There's a cartoonish irony to punk patriarch John Lydon funding the reunion of his band Public Image Ltd. with money he made portraying a gentrified exaggeration of himself in TV commercials for Country Life butter. Quipped one YouTube uploader of the humorous U.K. spots, which aired in 2008: “All comments that don't call him a sell-out will be removed.”

Yet the shock-haired ex-Sex Pistols frontman — formerly Johnny Rotten, and an Angeleno since the late 1980s — is unapologetically pragmatic about it all.

“The money got us out of no end of troubles, [and] they were the best people I've ever worked with,” says Lydon, 56, adding that he funneled his Country Life cash into the Public Image Ltd. (PiL) rehearsals that ended the band's 17-year hiatus in 2009. The ensuing tours funded the recording of a new album, This Is PiL, and its release today.
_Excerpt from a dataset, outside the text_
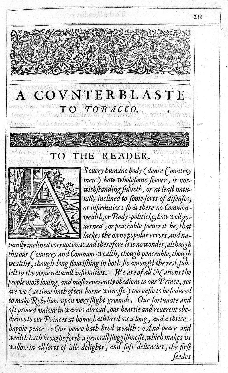 詹姆斯六世于1604年撰写的一则文章,也是最早的反烟草出版物之一。于是另外一种更为精致的无烟烟草制品广受追捧——以干燥的烟叶磨粉制成的鼻烟。

Today the designer-garbed, sun-kissed Lydon lounges poolside at the Marina del Rey Ritz-Carlton. The scene feels far removed from his working-class London roots, his three years squawking anti-establishment anthems like “Anarchy in the U.K.” with the Pistols and a careerlong reputation for noncooperation (he allegedly assaulted a TV producer at this very hotel in 2007, a case settled out of court three years later).

Lydon formed PiL upon the Pistols' 1978 demise. Fourteen years and dozens of members later (Lydon is the band's sole constant), PiL had eight studio albums and hits such as 1983's “This Is Not a Love Song.” But, frustrated by lack of record-label support, Lydon froze PiL in 1992, a break prolonged by record companies keeping him contractually bound and “financially destroyed,” he says.

This Is PiL continues where the band left off in the pre-Internet era: proudly eclectic, bass-heavy noise-rock distinguished by Lydon's tremulous ranting and wry wordplay. It's an album of both artsy pretense and accessible melody, with exotic guitars elevating his belligerent barks and frail wail to places of uneasy, unlikely beauty.

He says the work was mostly improvised in the studio after his “preparatory work” was destroyed by a fire at his home. It shuns the frantic oompah beats and fuzzy barre chords of what's become defined as “punk rock,” but the album's sonic irreverence and lyrical lucidity make it a croaked call to prayer from one of the genre's few original minarets.

PiL is “the greatest opportunity I have in my life,” Lydon notes, “to explain exactly how I view the world in the most accurate way.”